Posted by on June 7, 2016 in ART | Comments Off on Teamwork Makes the Dream Work

Teamwork Makes the Dream Work

Seagreen Gallery is the fruit of Susan Evans’ dream to spend more time on the Outer Banks and to create  repurposed art with her family.

By Chelsea Quattrone

If you gave Susan Evans a glass bottle instead of throwing it away, she would cut it and use it in creating a stained-glass window. If her husband, Phil, got to it first, he would cut it to make a drinking glass. In their son Will’s hands it would become a bottle brick or a lamp. Son Michael would create a candle with the bottom and use the neck in a lighted glass garland.

This family works as a team. Their creativity and wide range of skills form the perfect combination for their Nags Head business, Seagreen Gallery, which reflects the longtime Outer Banks traditions of repurposing and recycling.


Susan remembers her first visit to the Outer Banks as a child with her family in 1961: “I remember a shack of a cottage, bonfires on the beach, shooting stars, finding a whole tumbled bottle, sand dunes and hush puppies.” At age 17 she left her “delightfully Bohemian household” and returned to the Outer Banks with a friend, taking a Greyhound bus from Pittsburgh. They got a room at the Snug Harbor Boarding House and worked as maids at the Beacon Motor Lodge.

At 19 she was studying art and photography at College of the Albemarle and working at the iconic Christmas Shop and Island Art Gallery in Manteo. “I absorbed my sense of design and display from Richard Lacerre and Edward Greene, ‘the decorating kings,’” she says.

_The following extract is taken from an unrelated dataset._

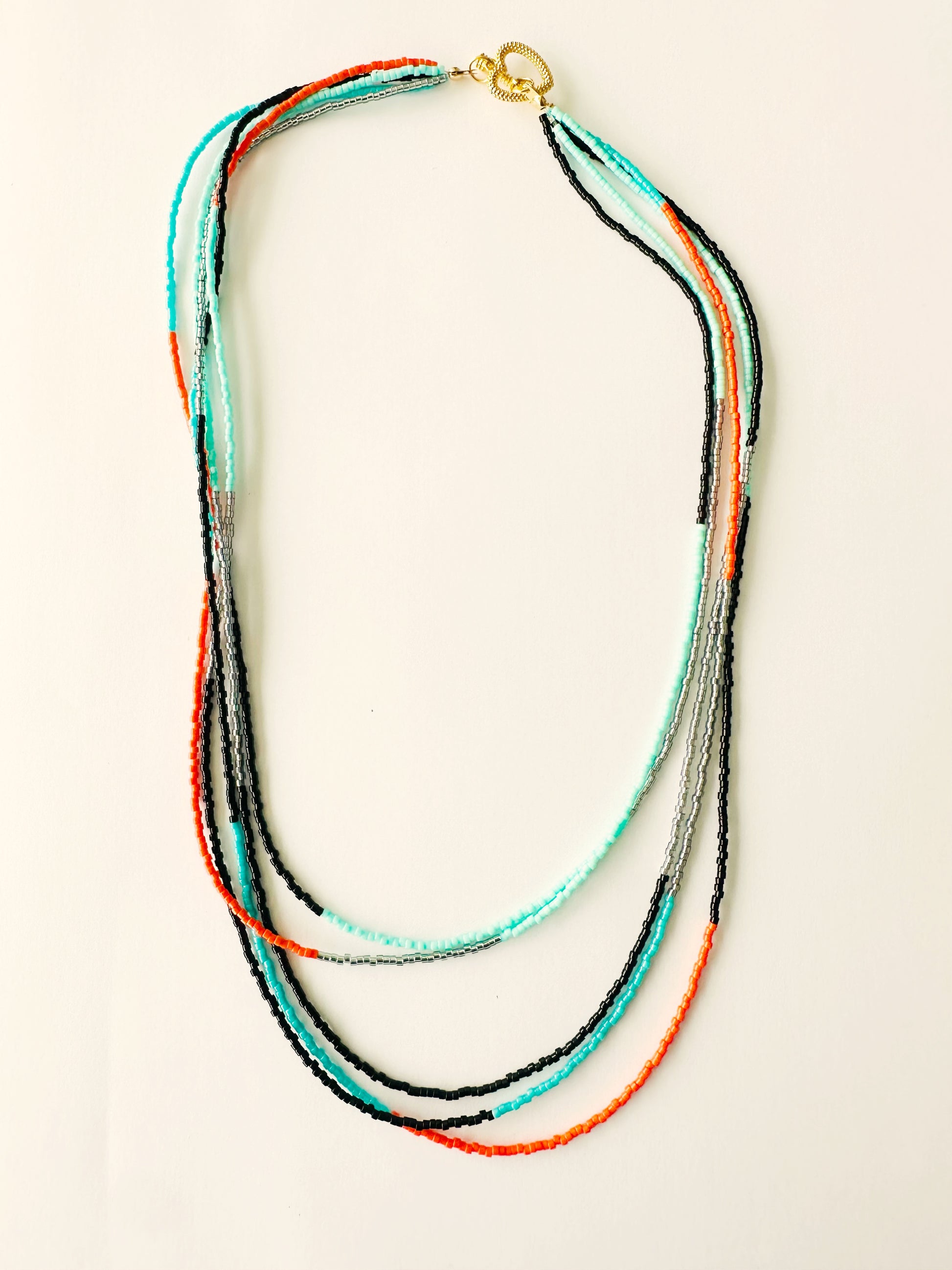 Combina ondas en colores de miyuki en tonos vibrantes que caen en cascada en un diseño ligero y moderno. Sus líneas fluidas evocan frescura, libertad y movimiento, convirtiéndolo en el accesorio ideal para realizar tu estilo con un toque boho chic lleno de vitalidad.

They used antiques and stories artfully, she says, to make the place a destination, an experience.

At 23 she met the man she married, Phil Morgan of Gates County, while they were both working at the Seafare restaurant. He became Dr. S. Philip Morgan and eventually the director of the Carolina Population Center at UNC Chapel Hill. They had three sons, Will, Sam and Michael. The family traveled for Phil’s career but always came back to the Outer Banks to spend time with their families.Seagreen 2016-1-8x12 123

During that time, theidea for Seagreen began to form. Will loved the ocean and wanted to open a store near the beach. Susan wanted to continue creating things from items that other people throw away and to find an outlet for the antiques and vintage pieces she and Phil loved to collect. They were ready to turn their hobbies into a lifestyle and searched for a small cottage shop. They soon found that a favorite old spot was for sale.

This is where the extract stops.